*EXERCISE DIRECTIONS*.
Below are entries; tally how many lines hold the string "системы" and answer with only that figure.

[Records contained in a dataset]
***

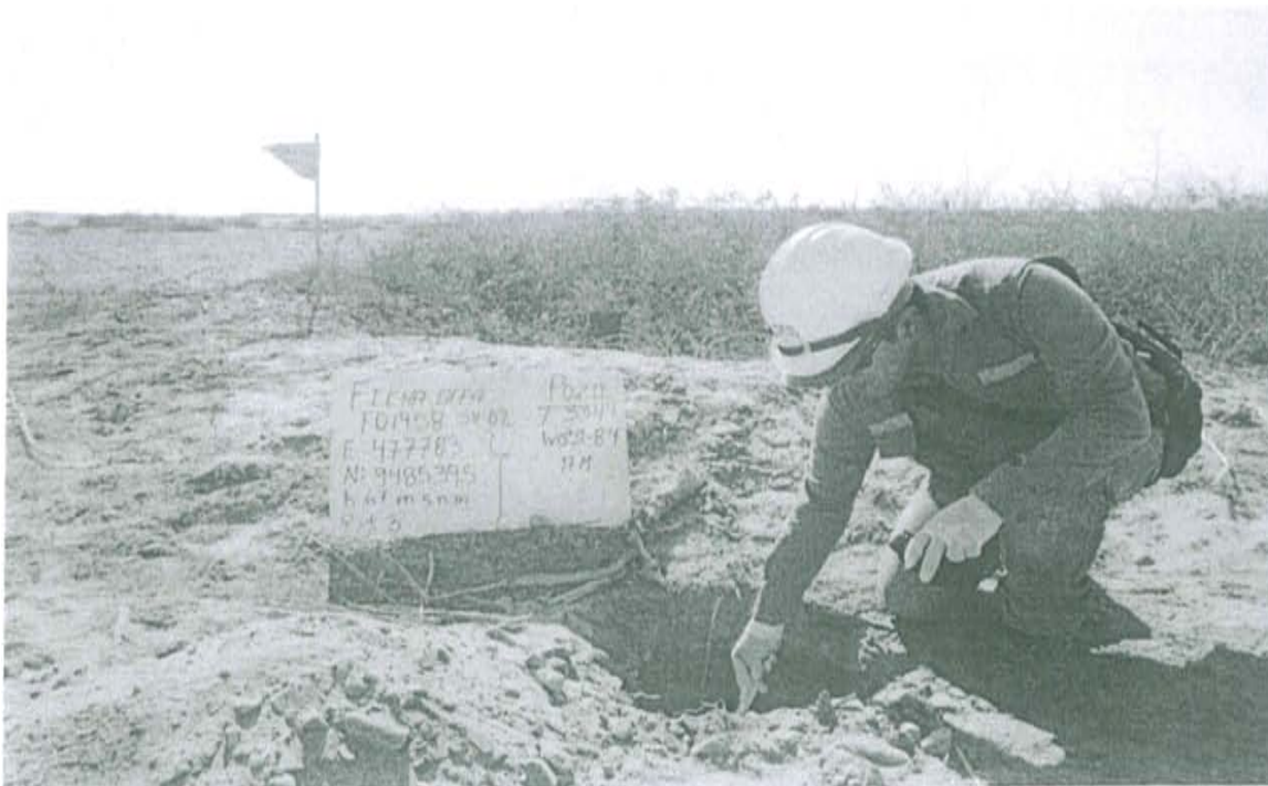
Fotografía N° 2. Toma de muestra de suelo en el punto F01958-SU02, ubicado a 4 m aproximadamente del Pozo.
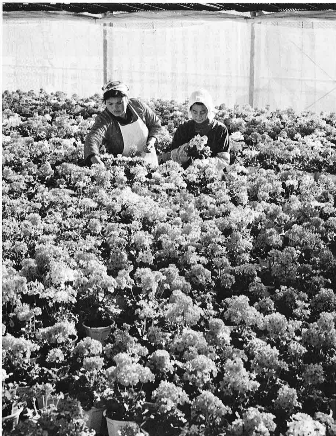
温室内はひと足早い春の香りが一花づくりに取り組む(上布施)
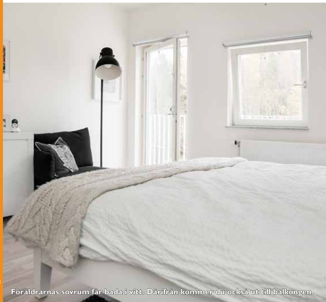
Föräldrarnas sovrum får bada i vitt. Därifrån kommer du också ut till balkongen.
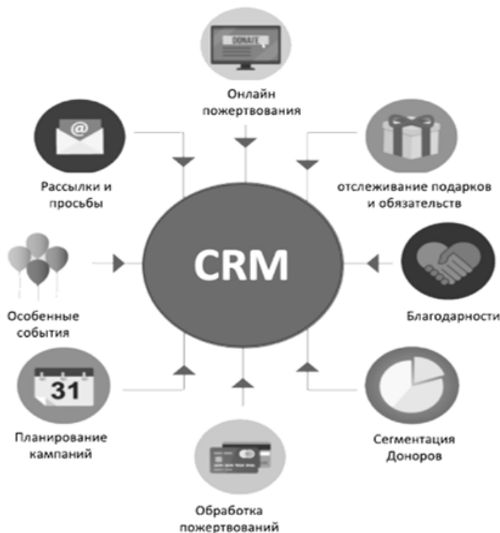
Рисунок 2 — функции CRM — системы в некоммерческой организации (источник заимствования: CRM для НКО на базе Битрикс24 [Электронный ресурс]. URL: https://crm.amiveo.com/fund/#b2817 )

DRM-system), т.е. аналога повсеместно используемой системы управления взаимоотношениями с клиентами (CRM – системы). На рисунке 2 представлены необходимые функции для системы[10].
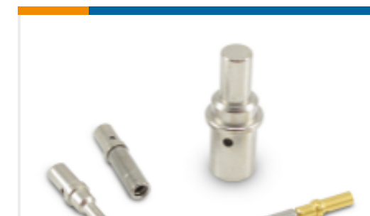
TE 产品编号0462-209-16141 DEUTSCH Solid Contacts
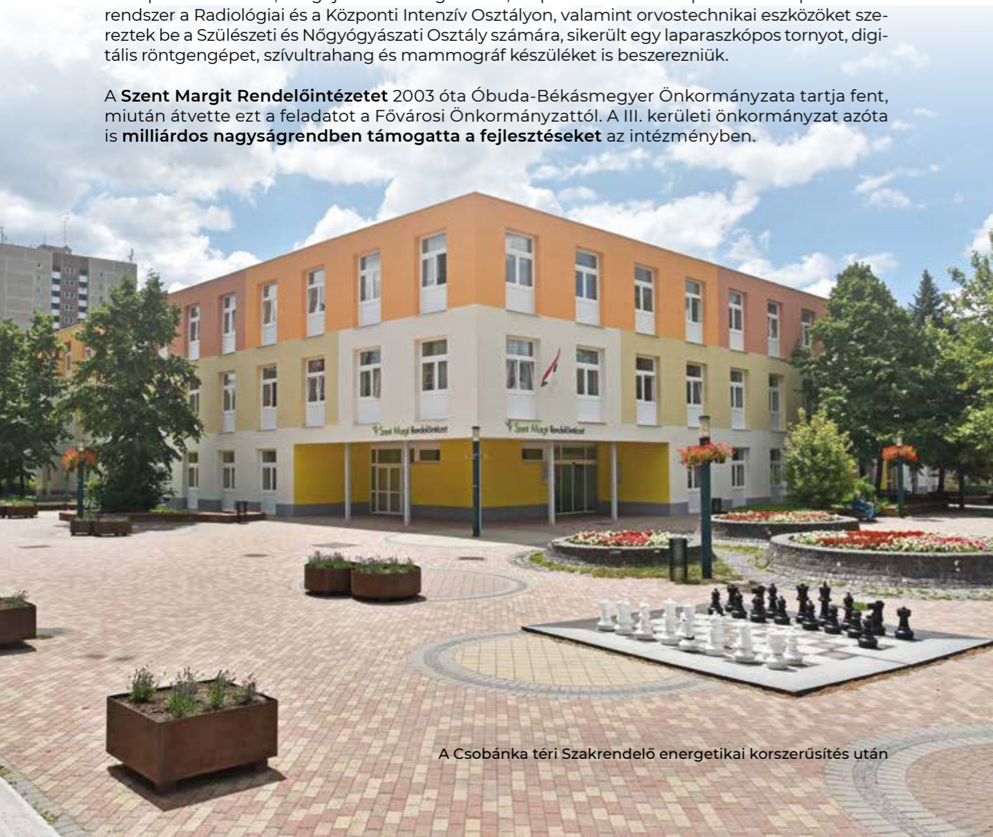
A Csobánka téri Szakrendelő energetikai korszerűsítés után

A Szent Margit Rendelőintézetet 2003 óta Óbuda-Békásmegyer Önkormányzata tartja fent, miután átvette ezt a feladatot a Fővárosi Önkormányzattól. A III. kerületi önkormányzat azóta is milliárdos nagyságrendben támogatta a fejlesztéseket az intézményben.
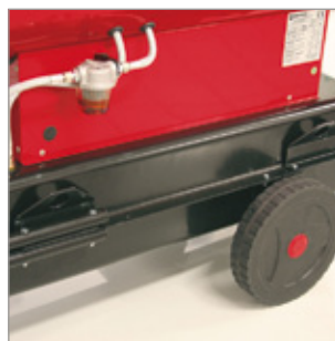
Uchwyty do przenoszenia (4 części) Kod 02AC511 Model EC 55 / EC 85
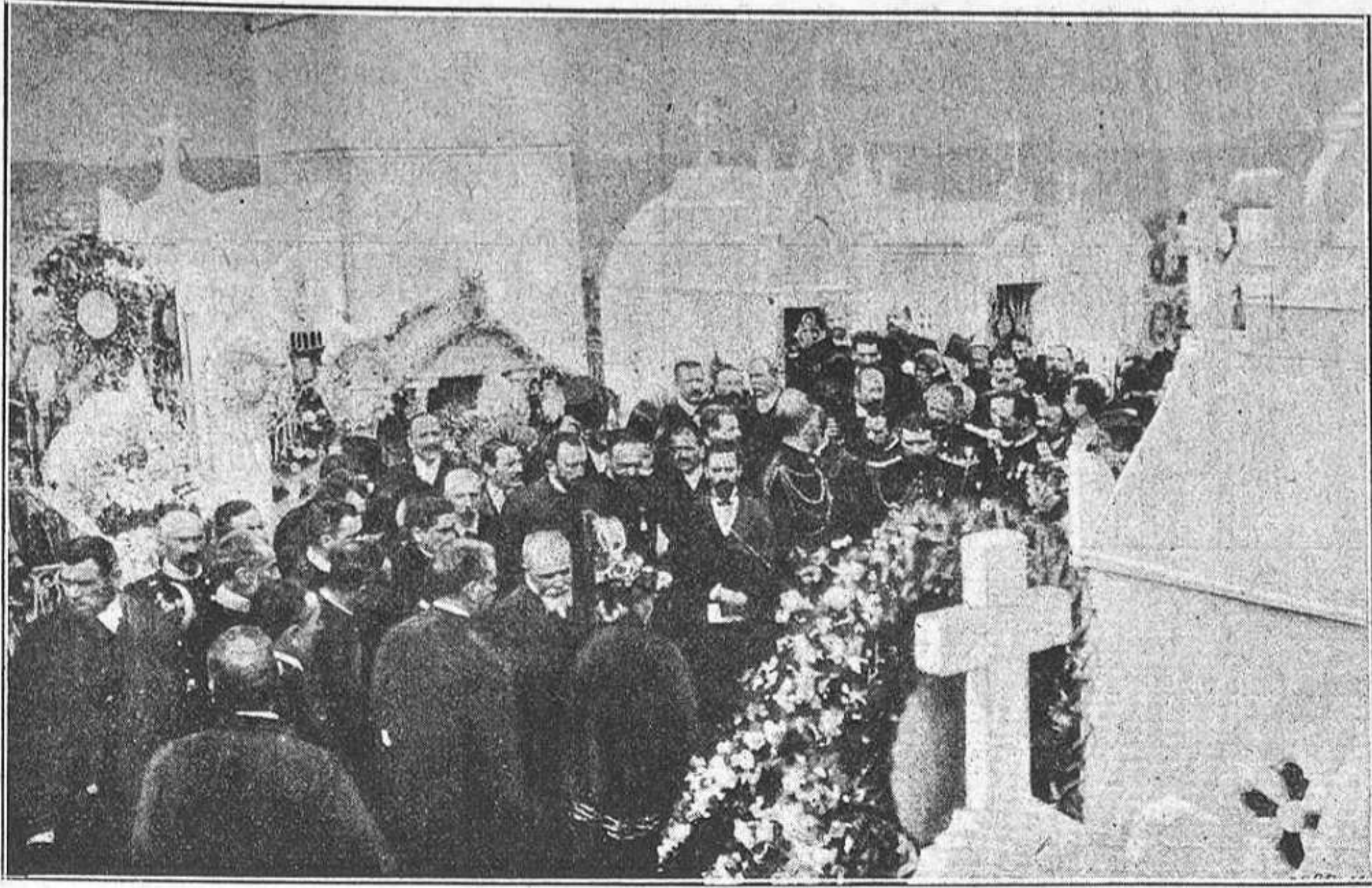
M. Loubet visitant el sepulcre de n Gambetta en el Cementiri de Niza.

á aqueixa munió de vils insaciables sangoneras, que ab l'afany de ser poder ab mala sombra 't guberman, xuclantne d' en viu en viu la noble sanch de tas venas. ¡Desperta del débil son que 't té amodorat la febra! ¡No vulguis morir cobart tenint foras pera véncer! Desperta, y al mon enter ta virilitat ensenya, demostrant que estás cansat de tanta farsa perversa, de tan estúpit sens cor, de tanta llei sens consciencia, de tanta maldat infeua y de tan cobart que impera. Desperta si no vols mes sé 'l blanch de sas malifetas, ó 'l ruch que 'ls roda la s'nia, ó 'l gos que 'ls guarda l' hisenda, ó 'l xay que ab sa molta llana els dona abundant riquesa. ¿Preguntas cóm s' ha de fer per sortir de tals baixos? Per la lluyta romp l' esclau las opresoras cadenas. Desperta, donchs, y á la lluyta, y ab coratje, seré y destre, no deixis lloch per seguir, no deixis per moure pedra. Romp obstacles si s' hi oposan, clava 'ls ullals si s' hi empenyan, no paris fins haver fet una radical neteja; fins lograr la llibertat que per deixadés vas perdre; fins que 'l sol de la Justicia brilli ab tota sa puresa. Si aixís no ho fas y poruch no 't mous del jou ahont te tenen, mitj extenuat pels cops, flach, perdut per la miseria, pitjor per tú, puig la mort prompte farà de tú presa, essent l' escarni y riota dels vils que pérdrer pretenen, y després l' afany dels corbs que tas despullan ja esperan.
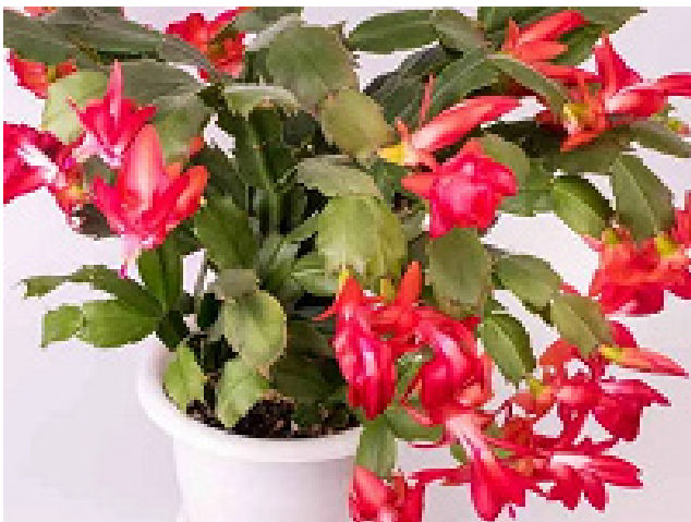
Подкормки для декабриста: для супер пышного цветения
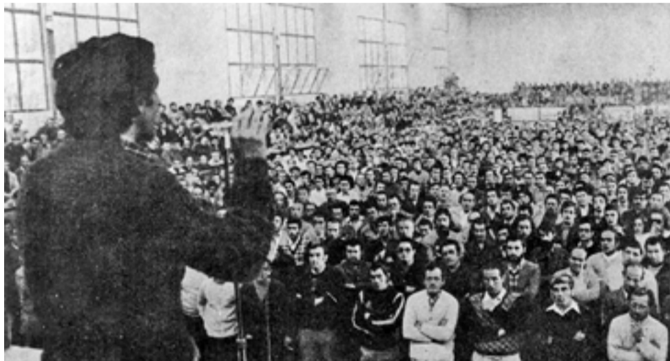
Assemblea celebrada per la plantilla de Roca durant la vaga

El 1976 no fou un any qualsevol: en un país que sempre ha avançat a cop de vagues, aquell any, es van registrar els nivells més alts de conflictivitat obrera. 40.175 conflictes oberts i gairebé tres milions de vaguistes arreu de l'Estat. Es venia de la vaga general de Sabadell, dels assassinats del 3 de març a Vitòria, de les manifestacions per l'amnistia i d'un nou model d'implicació sindical –lluny del verticalisme del règim, lluny de les noves jerarquitzacions polítiques que s'anunciaven– de base assembleària, gens delegatiu i amb una demanda

***

*ANSWER SPACE*.
2